Task data: Begin

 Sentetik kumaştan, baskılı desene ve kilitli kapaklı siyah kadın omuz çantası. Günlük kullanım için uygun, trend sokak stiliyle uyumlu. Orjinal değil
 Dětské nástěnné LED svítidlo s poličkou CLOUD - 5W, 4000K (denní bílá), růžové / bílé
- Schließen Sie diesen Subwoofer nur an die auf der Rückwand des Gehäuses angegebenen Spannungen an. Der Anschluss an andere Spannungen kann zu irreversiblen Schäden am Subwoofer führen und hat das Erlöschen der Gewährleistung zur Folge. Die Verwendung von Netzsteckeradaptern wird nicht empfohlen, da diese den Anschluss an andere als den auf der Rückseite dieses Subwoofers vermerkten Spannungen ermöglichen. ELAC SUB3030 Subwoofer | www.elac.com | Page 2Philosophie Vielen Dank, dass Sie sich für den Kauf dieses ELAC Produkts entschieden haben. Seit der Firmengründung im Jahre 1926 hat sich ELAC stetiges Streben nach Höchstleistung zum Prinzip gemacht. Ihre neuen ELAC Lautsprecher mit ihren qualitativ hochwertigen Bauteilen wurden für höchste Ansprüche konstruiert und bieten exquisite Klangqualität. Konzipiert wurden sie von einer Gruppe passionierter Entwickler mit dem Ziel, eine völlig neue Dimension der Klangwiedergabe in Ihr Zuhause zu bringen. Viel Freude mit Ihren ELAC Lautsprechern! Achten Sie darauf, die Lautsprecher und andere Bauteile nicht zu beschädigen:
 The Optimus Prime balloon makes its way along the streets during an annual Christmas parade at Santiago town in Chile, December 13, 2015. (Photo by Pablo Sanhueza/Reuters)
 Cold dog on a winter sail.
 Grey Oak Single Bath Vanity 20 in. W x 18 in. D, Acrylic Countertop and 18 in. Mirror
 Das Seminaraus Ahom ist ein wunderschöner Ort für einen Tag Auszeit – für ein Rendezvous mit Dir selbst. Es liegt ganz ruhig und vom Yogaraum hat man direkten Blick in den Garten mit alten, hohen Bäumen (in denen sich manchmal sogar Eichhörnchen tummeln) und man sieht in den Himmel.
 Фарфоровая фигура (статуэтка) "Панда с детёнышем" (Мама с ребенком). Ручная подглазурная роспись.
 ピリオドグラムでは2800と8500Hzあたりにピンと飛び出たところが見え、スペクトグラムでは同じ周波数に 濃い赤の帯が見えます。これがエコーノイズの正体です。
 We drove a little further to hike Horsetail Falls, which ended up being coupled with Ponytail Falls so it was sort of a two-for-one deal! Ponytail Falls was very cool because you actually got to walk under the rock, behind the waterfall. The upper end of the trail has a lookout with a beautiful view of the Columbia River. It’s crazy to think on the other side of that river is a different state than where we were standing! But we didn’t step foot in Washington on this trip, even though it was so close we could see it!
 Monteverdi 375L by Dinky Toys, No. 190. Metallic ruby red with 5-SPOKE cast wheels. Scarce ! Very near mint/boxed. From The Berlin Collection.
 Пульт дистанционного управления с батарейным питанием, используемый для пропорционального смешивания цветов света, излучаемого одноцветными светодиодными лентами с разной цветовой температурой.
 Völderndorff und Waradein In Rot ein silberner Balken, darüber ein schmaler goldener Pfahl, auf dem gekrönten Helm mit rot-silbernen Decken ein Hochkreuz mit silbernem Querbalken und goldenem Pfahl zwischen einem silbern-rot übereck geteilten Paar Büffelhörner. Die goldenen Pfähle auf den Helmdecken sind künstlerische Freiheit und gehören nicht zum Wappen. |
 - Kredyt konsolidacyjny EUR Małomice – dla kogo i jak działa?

Task data: End

Task:
Retype the entries exactly from the first line, stopping after the line with "Dětské nástěnné LED".

Exercise solution:
 Sentetik kumaştan, baskılı desene ve kilitli kapaklı siyah kadın omuz çantası. Günlük kullanım için uygun, trend sokak stiliyle uyumlu. Orjinal değil
 Dětské nástěnné LED svítidlo s poličkou CLOUD - 5W, 4000K (denní bílá), růžové / bílé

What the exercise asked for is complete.